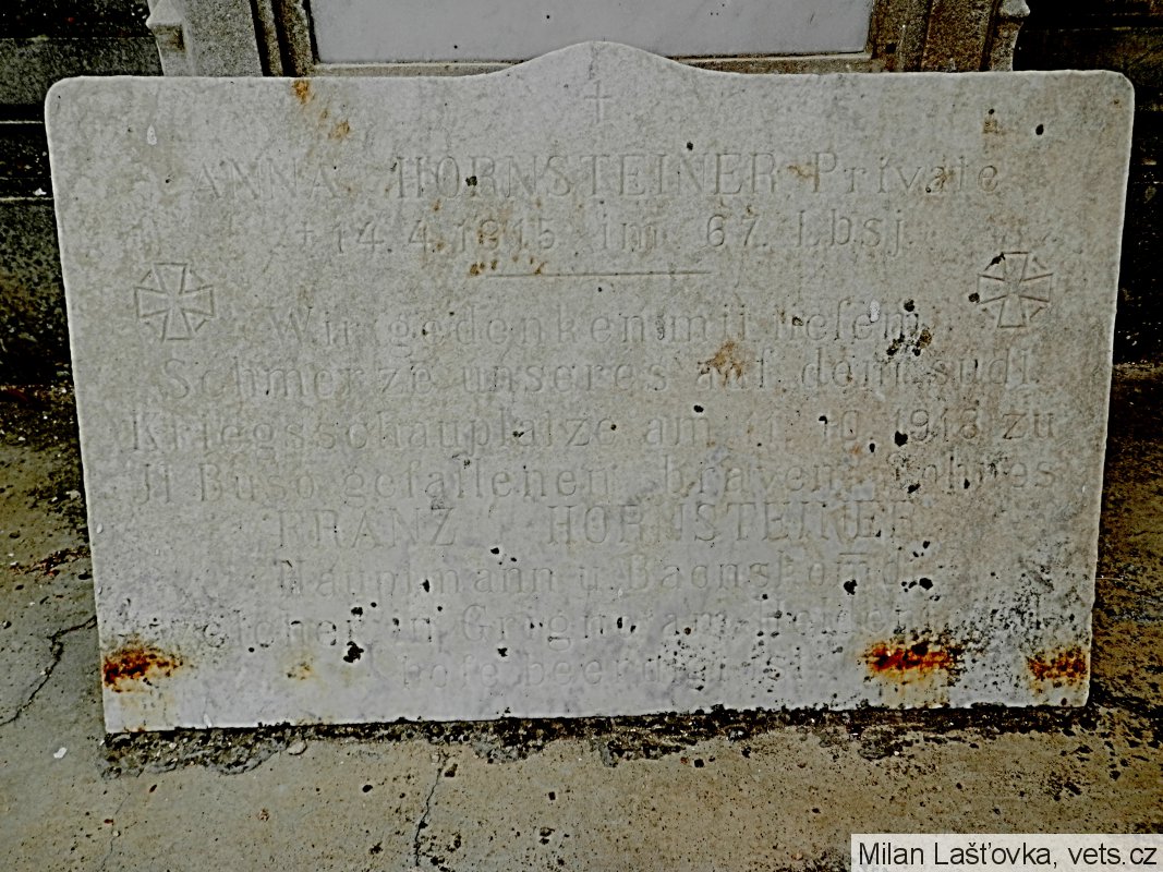 Před vypuknutím první světové války působil Franz Hornsteiner jako pedagog v soudním okrese Stod a naposledy jako učitel v severočeském Mostě. Když byla roku 1914 vyhlášena mobilizace, podrobil se odvodu a během následujících čtyř let bojoval v Haliči, Polsku, Rusku a Itálii. Během své služby obdržel několik válečných vyznamenání a povýšení. V roce 1918 je veden jako hejtman a velitel praporu císařskokrálovského 13. domobraneckého pěšího pluku, který v řadách rakousko-uherské 11. armády, dislokované tehdy na Planině sedmi obcí, sloužil i hejtman a velitel praporu domobrany Franz Hornsteiner. V pátek 11. října 1918, okolo čtvrté hodiny ranní, zasáhla Franze Hornsteinera střepina granátu do hlavy. Blatnický rodák padl v oblasti Il Buso, asi osm kilometrů východně od Asiaga.
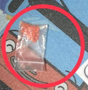 ของกลาง (ลำดับที่ 3) ยาบ้าลักษณะเม็ด กลม แบน ด้านหนึ่งผิวเรียบ ด้านหนึ่งมีรูป WY เม็ดสีแดง จำนวน 1 ถุง ซิปล็อค แบ่งเป็น 2 เม็ดที่แตก และยาบ้าที่แตกเป็นเสี่ยงๆ ชั่งน้ำหนักได้ 0.6 กรัม
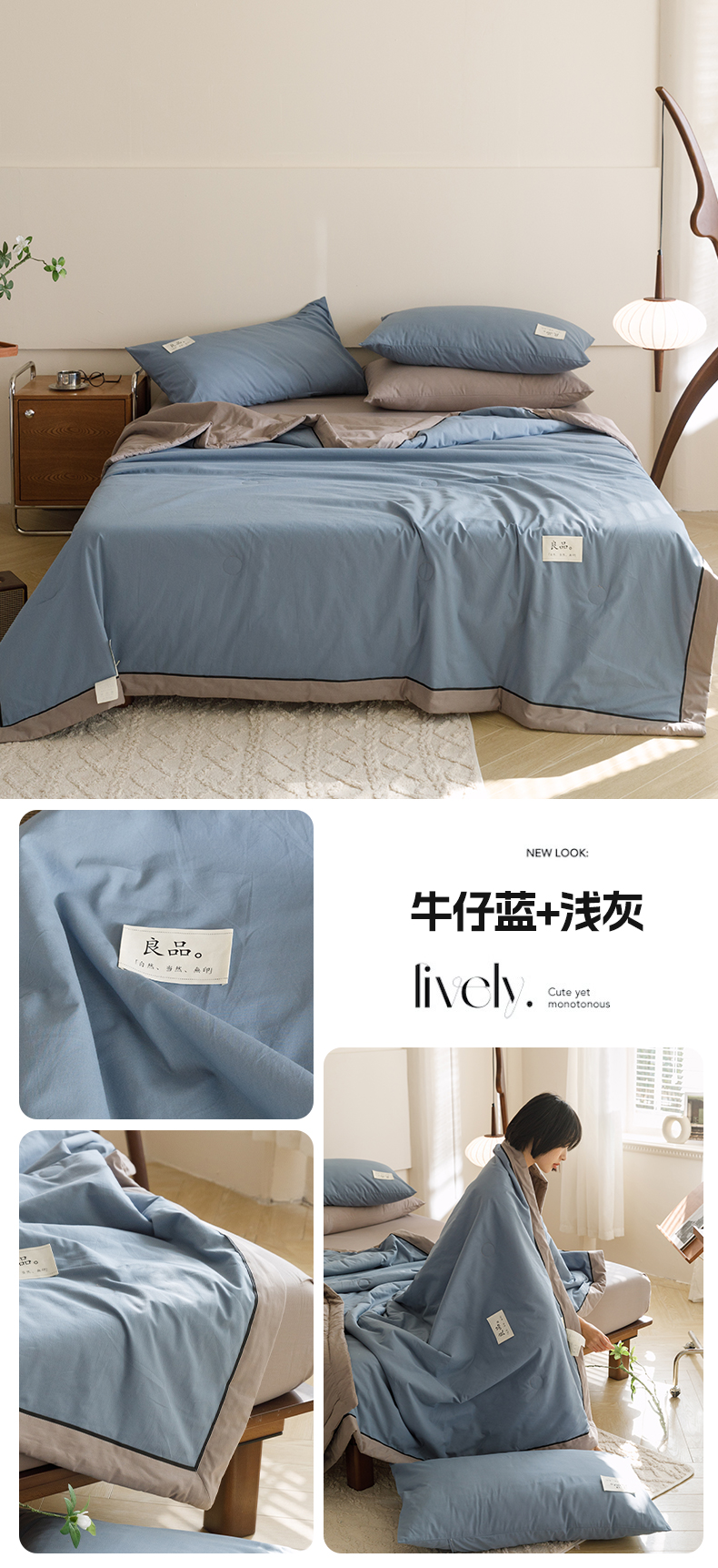 • 91家纺网 家纺一手货源 找家纺 寐绸家纺 2025新款纯棉水洗棉简约双拼大豆纤维夏被四件套 宾利蓝+浅灰
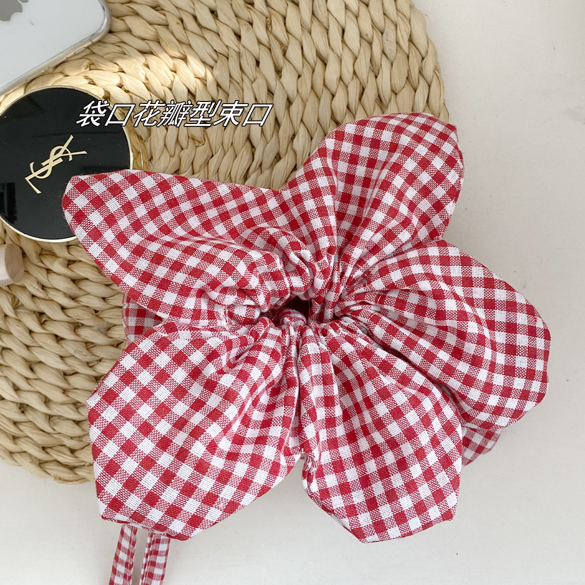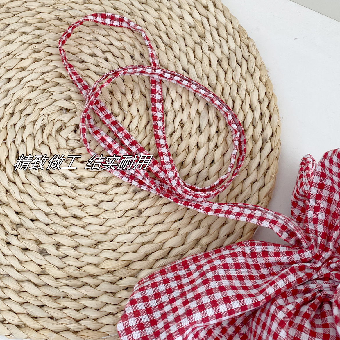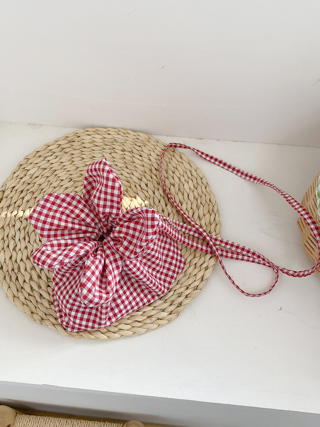 • 크로스바디 드로스트링 플라워 백 - 레드 체크 무늬
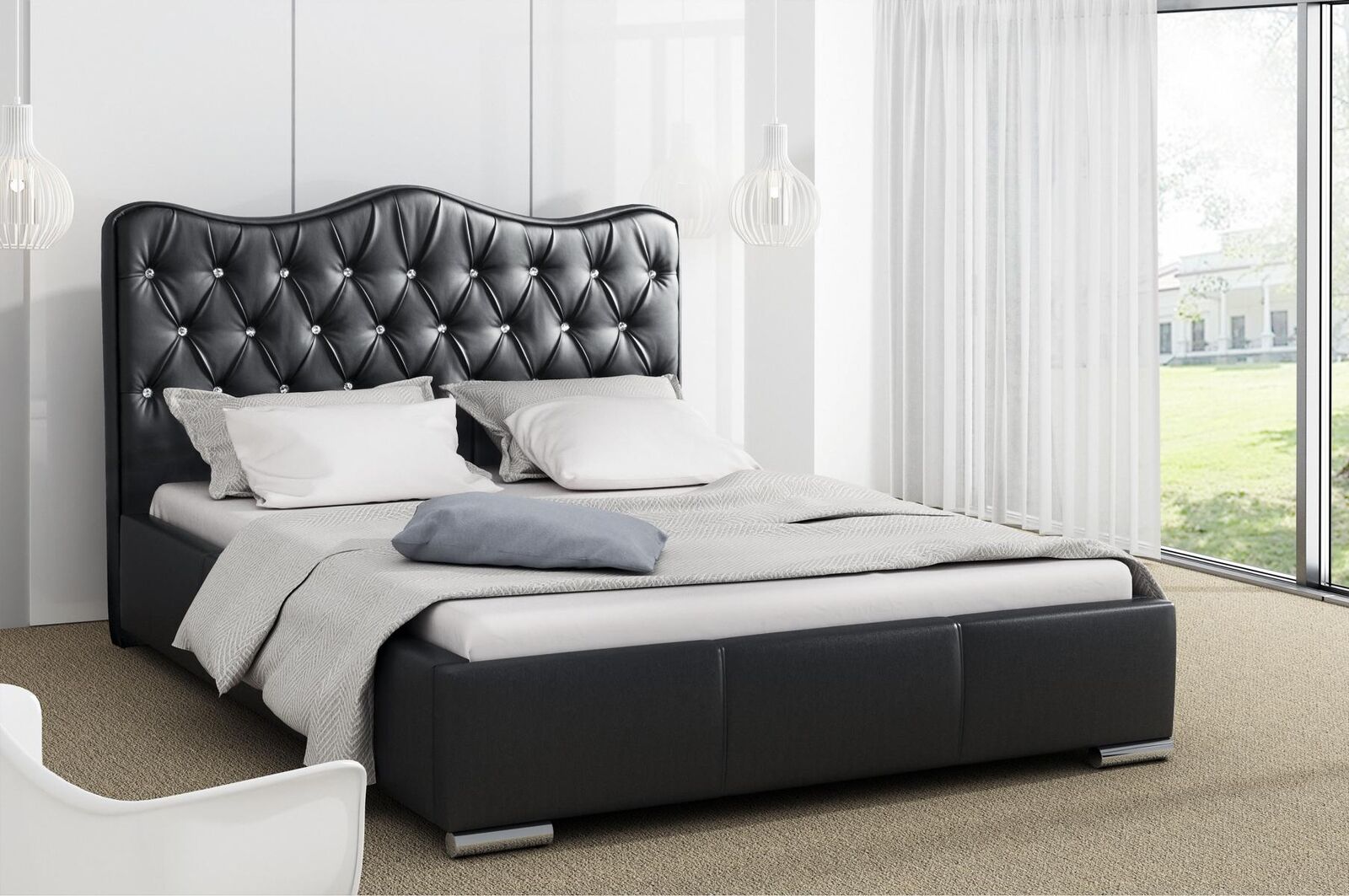 Rám postele Postele Manželská postel Moderní postel Umělá kůže Polstrovaná postel Manželská postel Černá
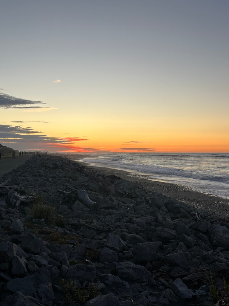 From there we drove the rest of the way to Hokitika, enjoying some amazing landscapes along the way. We loved our little motel in Hokitika but were not very impressed with the town. There isn’t much happening there! But there is a beautiful beach where we caught a pretty sunset after a very long wait for dinner.
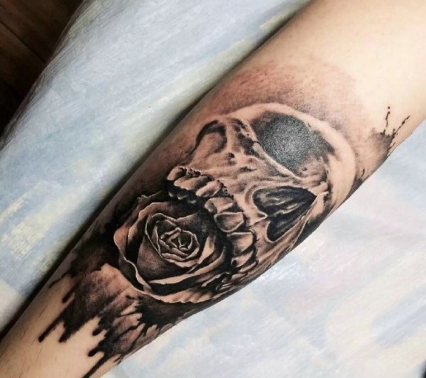 黑灰色玫瑰花和骷髅头纹身图片手稿
+--
» WHAT THIS TASK INVOLVES
Give the lines from the one containing "백 - 레드 체크 무늬" through the last line of the material again, exactly and with no pictures, both ends included.

» RESULT OF THIS EXERCISE
 • 크로스바디 드로스트링 플라워 백 - 레드 체크 무늬
 Rám postele Postele Manželská postel Moderní postel Umělá kůže Polstrovaná postel Manželská postel Černá
 From there we drove the rest of the way to Hokitika, enjoying some amazing landscapes along the way. We loved our little motel in Hokitika but were not very impressed with the town. There isn’t much happening there! But there is a beautiful beach where we caught a pretty sunset after a very long wait for dinner.
 黑灰色玫瑰花和骷髅头纹身图片手稿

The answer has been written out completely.